To assist students sitting exams in literature, selections from texts set were often read on the air. For parents, teachers and students, the radio became an extension of the class room. Teachers found good use for the current affairs and news programmes as students were expected to stay abreast of what was going on in their country and in the world at large. Nor was entertainment left out of the picture. Aunt Lulu (Louvina Maynard) and Uncle Goldwyn (Goldwyn Caines) became popular with the children. Rev. Buttolph of St. Peter’s Anglican Church provided amusement and educational content with his renditions of plays, a literary works in which he provided voices for all the characters. Goldwyn Caines introduced Latin Music to his listeners, Karney Osbourne read poetry and played tunes for the enjoyment of all and coverage was given to local sporting events. Requests poured in daily from all corners of the state and overseas.

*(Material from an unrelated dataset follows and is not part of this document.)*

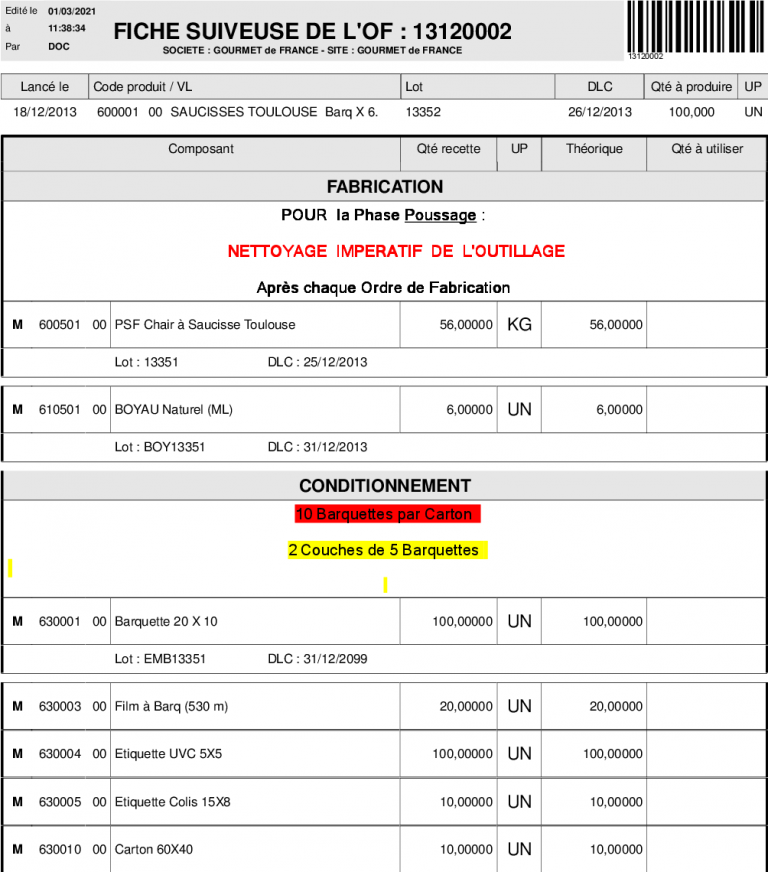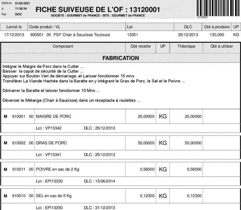 • Permet aux opérateurs de faire le Picking des Composants dans les différents ateliers et d’inscrire sur cette Fiche les informations de Traçabilité (Lot/DLc) et de pesée si nécessaire.

Contacts with the BBC allowed for the airing of the adventures of Jimmy Clitherow and Ned Kelly and the music of Victor Silvester, whilst London Calling the Caribbean became a feature of daily listening. But perhaps it was the international sporting events for which this link was most appreciated. Who did not look forward to the thrill of listening to commentaries of World Cup and Test cricket matches in a village shop with his or her friends? How many where those who would bet that Barbadian opening batsman, Conrad Hunt would have hit four runs off the first ball bowled to him in West Indies vs England Test matches and when he did, cheered loudly along with a crowd many, many miles away.
In 1973, recognising the value of reaching a more discerning audience with a variety of programmes, the management of ZIZ embarked on transmissions on its FM frequency. By 1975, equipment had been purchased to increase the power of the radio station to 10,000 watts and to establish a studio in Charlestown, Nevis.